THE PROBLEM >>
Find "Je ne dirais" in the material, then return exactly the line containing it and all lines after it to the end, leaving out pictures.

AVAILABLE DATA Start Marker

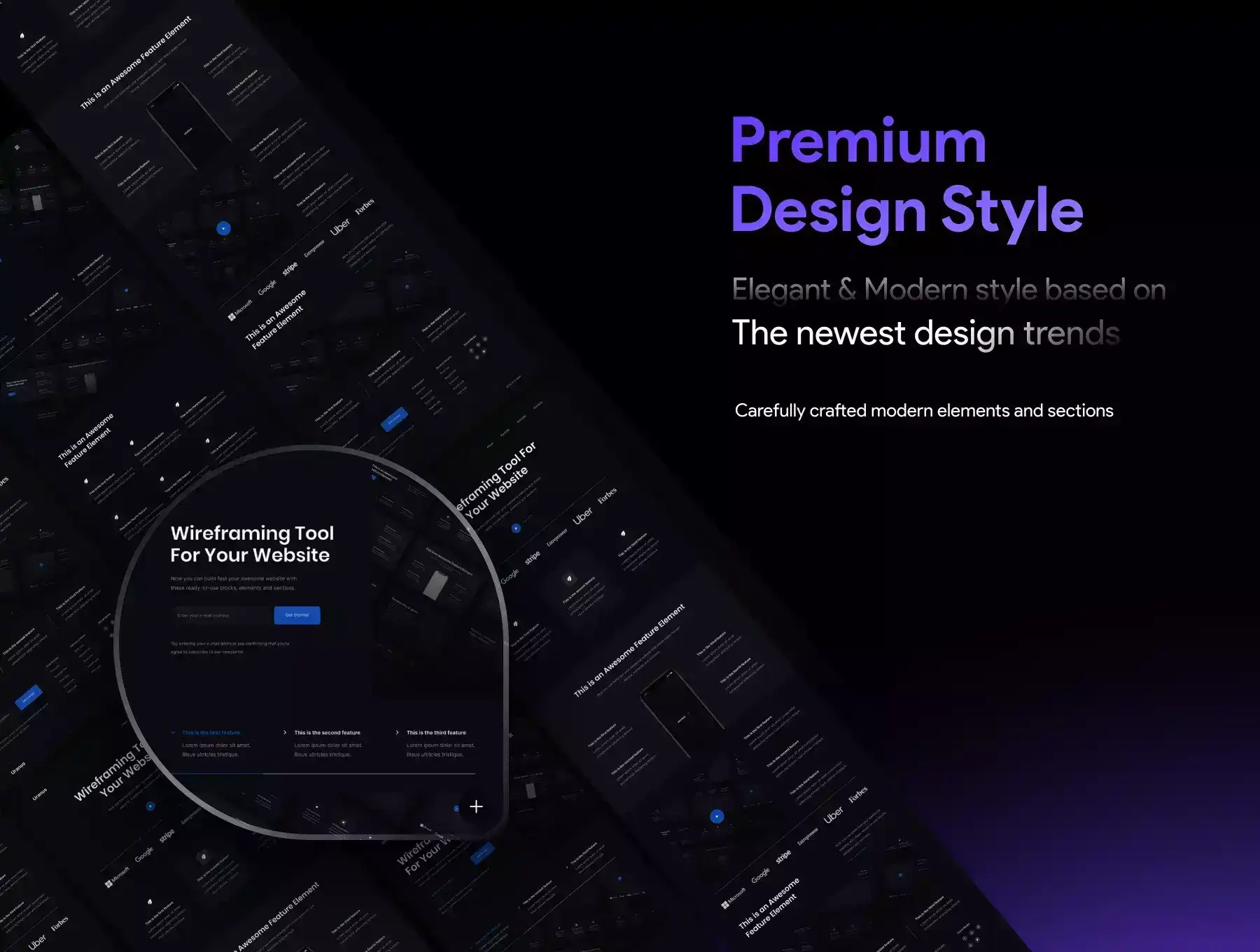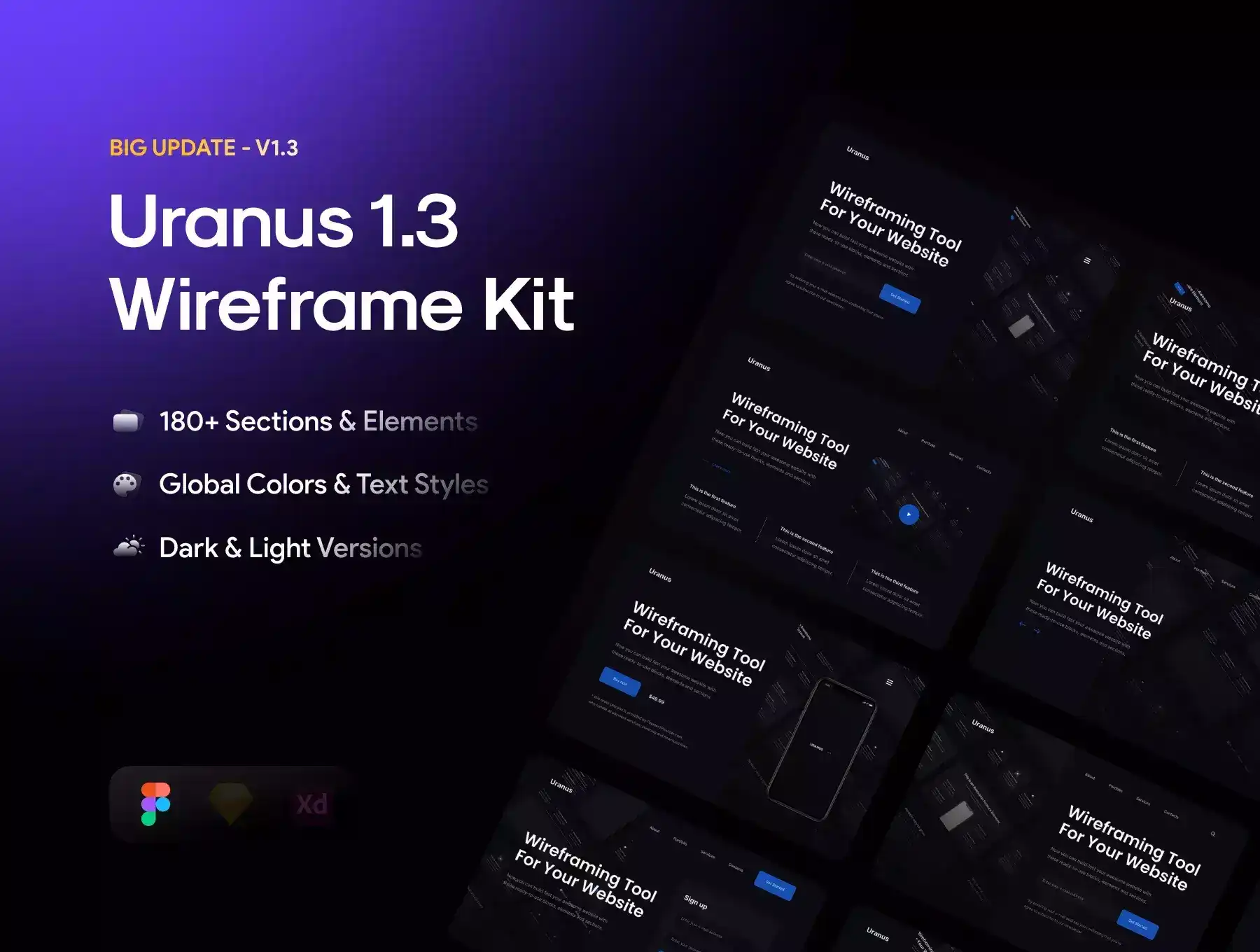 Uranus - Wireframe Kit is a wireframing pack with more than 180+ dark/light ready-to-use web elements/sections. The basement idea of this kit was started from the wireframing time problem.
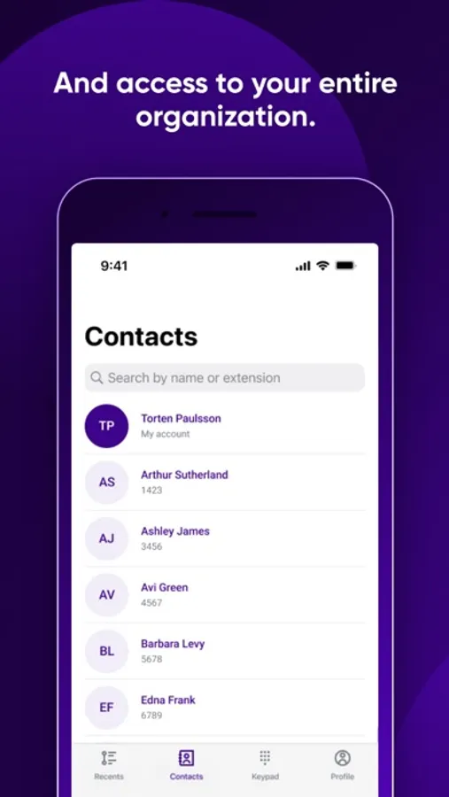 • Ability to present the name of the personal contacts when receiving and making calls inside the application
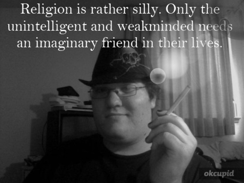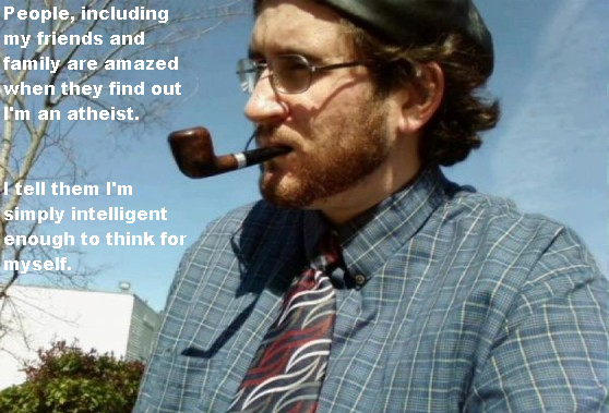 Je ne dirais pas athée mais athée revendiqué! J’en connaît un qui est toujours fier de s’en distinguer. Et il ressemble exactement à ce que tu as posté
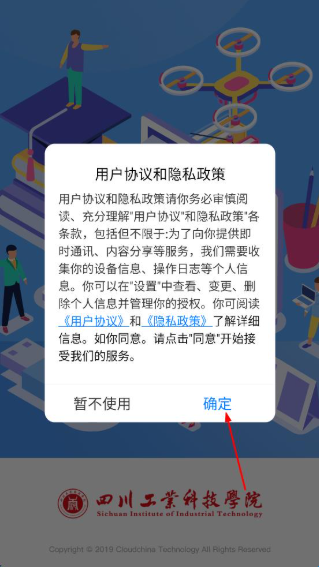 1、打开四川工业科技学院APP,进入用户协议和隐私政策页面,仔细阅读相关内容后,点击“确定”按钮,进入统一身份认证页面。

AVAILABLE DATA End Marker

ANSWER BOX >>
 Je ne dirais pas athée mais athée revendiqué! J’en connaît un qui est toujours fier de s’en distinguer. Et il ressemble exactement à ce que tu as posté
 1、打开四川工业科技学院APP,进入用户协议和隐私政策页面,仔细阅读相关内容后,点击“确定”按钮,进入统一身份认证页面。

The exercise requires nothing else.